The JSCoreRunner malware is a newly identified Mac-targeting threat discovered by Mosyle that employs a sophisticated two-stage infection process to evade detection and compromise user systems. It masquerades as a legitimate PDF conversion tool, distributed via the malicious website fileripple.com. The first stage involves the installation of FileRipple.pkg, which appears as a benign PDF utility but executes malicious code covertly. The second stage installs Safari14.1.2MojaveAuto.pkg, which is designed to bypass Apple's Gatekeeper security mechanism, allowing the malware to persist undetected. Once fully installed, JSCoreRunner specifically targets Google Chrome browsers by altering their search engine settings to redirect users to fraudulent providers. This redirection facilitates further malicious activities such as keylogging, phishing, and potential data theft. The malware leverages multiple attack techniques, including process injection (T1055.001), command and scripting interpreter abuse (T1059.007, T1059.005), user execution (T1204.002), and browser manipulation (T1553.002, T1553.005). The use of a fake PDF tool as a delivery vector and the ability to bypass Gatekeeper protections highlight the malware’s advanced evasion capabilities. Although no known exploits are currently active in the wild, the presence of zero-day elements and the targeting of widely used software components underscore the threat’s potential severity. Indicators of compromise include multiple file hashes and the domain fileripple.com, which should be monitored for detection and response efforts.

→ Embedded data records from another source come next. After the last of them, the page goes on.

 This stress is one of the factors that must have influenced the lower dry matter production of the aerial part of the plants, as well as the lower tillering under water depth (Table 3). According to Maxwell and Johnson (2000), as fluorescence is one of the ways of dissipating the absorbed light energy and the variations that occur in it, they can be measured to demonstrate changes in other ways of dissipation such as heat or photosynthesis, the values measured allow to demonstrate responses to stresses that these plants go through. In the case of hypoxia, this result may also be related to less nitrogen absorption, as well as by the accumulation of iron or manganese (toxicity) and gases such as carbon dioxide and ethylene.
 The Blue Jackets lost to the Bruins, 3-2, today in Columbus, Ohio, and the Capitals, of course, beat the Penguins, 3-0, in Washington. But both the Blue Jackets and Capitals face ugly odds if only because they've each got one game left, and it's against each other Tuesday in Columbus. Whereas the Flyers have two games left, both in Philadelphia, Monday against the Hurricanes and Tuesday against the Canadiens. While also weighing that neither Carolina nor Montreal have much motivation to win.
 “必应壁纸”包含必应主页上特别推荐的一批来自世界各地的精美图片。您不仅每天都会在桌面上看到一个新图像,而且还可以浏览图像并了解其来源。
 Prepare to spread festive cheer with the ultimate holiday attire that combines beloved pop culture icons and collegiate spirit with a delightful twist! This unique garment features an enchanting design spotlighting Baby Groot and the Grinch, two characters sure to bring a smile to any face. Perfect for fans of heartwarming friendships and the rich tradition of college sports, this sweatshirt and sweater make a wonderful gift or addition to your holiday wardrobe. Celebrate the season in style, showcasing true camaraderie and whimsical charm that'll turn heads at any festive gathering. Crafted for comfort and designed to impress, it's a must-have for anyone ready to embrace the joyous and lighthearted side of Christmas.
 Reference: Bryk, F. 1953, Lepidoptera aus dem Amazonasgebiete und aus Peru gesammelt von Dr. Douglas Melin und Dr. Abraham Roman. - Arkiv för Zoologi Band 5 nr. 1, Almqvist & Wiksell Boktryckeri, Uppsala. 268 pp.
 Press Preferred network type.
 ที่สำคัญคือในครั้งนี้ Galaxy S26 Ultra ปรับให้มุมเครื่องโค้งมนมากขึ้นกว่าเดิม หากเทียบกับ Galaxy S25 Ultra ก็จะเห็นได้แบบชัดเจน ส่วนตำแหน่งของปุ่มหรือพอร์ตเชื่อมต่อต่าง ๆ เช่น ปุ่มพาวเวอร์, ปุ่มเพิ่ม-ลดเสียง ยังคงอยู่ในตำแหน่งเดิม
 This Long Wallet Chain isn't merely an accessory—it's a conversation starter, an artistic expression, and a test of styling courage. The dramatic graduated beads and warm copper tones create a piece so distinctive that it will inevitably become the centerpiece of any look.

For European organizations, the JSCoreRunner malware poses a significant risk primarily to Mac users, particularly those using Google Chrome browsers. The malware’s ability to hijack browser settings and redirect users to fraudulent sites exposes organizations to credential theft, espionage, and data exfiltration risks. This can lead to compromised employee accounts, unauthorized access to corporate resources, and potential financial fraud. The stealthy nature of the infection, including bypassing Gatekeeper and masquerading as legitimate software, increases the likelihood of successful infiltration, especially in environments where Mac endpoint security is less mature or where users have elevated privileges. Given the increasing adoption of Mac devices in European enterprises and public sector organizations, the threat could disrupt operations, damage reputations, and lead to regulatory compliance issues under GDPR if personal data is compromised. The phishing and keylogging capabilities further amplify the risk of lateral movement within networks and broader compromise.

European organizations should implement a multi-layered defense strategy tailored to this threat: 1) Enforce strict application whitelisting and restrict installation of software from untrusted sources, particularly monitoring for packages like FileRipple.pkg and Safari14.1.2MojaveAuto.pkg. 2) Enhance endpoint detection capabilities with behavioral analysis focused on unusual browser configuration changes and Gatekeeper bypass attempts. 3) Deploy network-level protections to block access to known malicious domains such as fileripple.com and monitor DNS queries for suspicious redirections. 4) Educate users about the risks of downloading software from unofficial websites and the dangers of fake utility tools. 5) Regularly audit Chrome browser settings across enterprise devices to detect unauthorized modifications. 6) Apply the latest macOS security updates and consider deploying advanced endpoint protection solutions capable of detecting zero-day evasion techniques. 7) Implement strong multi-factor authentication to mitigate the impact of credential theft. 8) Maintain incident response plans that include forensic analysis of Mac endpoints to quickly identify and remediate infections.